I can suggest a few options if you don't need to use findstr, but first of all you should see whether you can restrict the search to files of a certain filetype, as that is sure to speed things up.

  1. FileLocator Lite is in my experience faster at finding files and checking their contents. Be sure to fill in both the "filename" (if applicable) and "contained text" fields, as well as the starting directory.

  2. ag -il "searchStr": ag is built for speed so it should give you results, fast. Be sure to restrict the search by filetype if you can, although binary files are skipped by default already. Also available under Cygwin.

  3. find -exec awk 'BEGIN {IGNORECASE=1} NR==1 && /searchStr/ {print FILENAME": "$0}' {} \; Try this if you have Cygwin or another POSIX-like environment available, in order to check out your idea about searching only the first line. Combine find to get the filenames (and hopefully also filter them) and awk to check the first line and print it together with the filename.
  4. find | parallel 'perl -lane '\'' print "$ARGV: $_" if $. == 1 and /searchStr/i '\'' {}' Another idea to try and speed things up is putting available cores and threads to work: that's what GNU parallel is for. This example sports perl, but it does the same as awk in 3. above. Here's a command breakdown:

    find look for files in the current directory and its subdirectories. You can specify a different directory to look in and a file pattern or extension to filter on: find /cygdrive/c/Directory/To/Search -iname "*.txt".

    | "pipe", i.e. feed the list of results to the next command.

    parallel execute the next command in parallel.

    perl scripting language that excels at text file manipulation, can replace sed or awk.

    -lane useful set of switches for perl one-liners.

    '\'' escaped apostrophe, needed since we already opened an apostrophe set after parallel.

    print "$ARGV: $_" print the filename ($ARGV), a colon, a space and the full line ($_).

    if only execute the previous instruction if the following condition(s) are met.

    $. == 1 line number ($.) is equal to one (1), i.e. we are looking at the first line of the file.

    and the following condition must be met, too.

    /searchStr/i the line being examined contains the text searchStr, case-insensitively.

    '\'' another escaped apostrophe marks the end of the perl instruction.

    {} this is going to be substituted by parallel with each of the filenames passed on by find.

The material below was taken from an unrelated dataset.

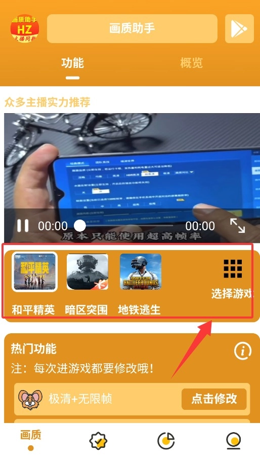 2、画质界面(或功能界面)提供游戏选择功能,可选取想要运行的游戏。

    ' end of the parallel instruction.

Update: Both awk and perl read the whole file even if actions are bound to the first line only. The solution is to explicitly stop elaboration at line 2:

find -exec awk 'BEGIN {IGNORECASE=1} NR > 1 {exit} /searchStr/ {print FILENAME": "$0}' {} \; find | parallel 'perl -lape '\'' exit if $. == 2; print "$ARGV: $_" if /searchStr/i '\'' {}'

simlev
  • 3,912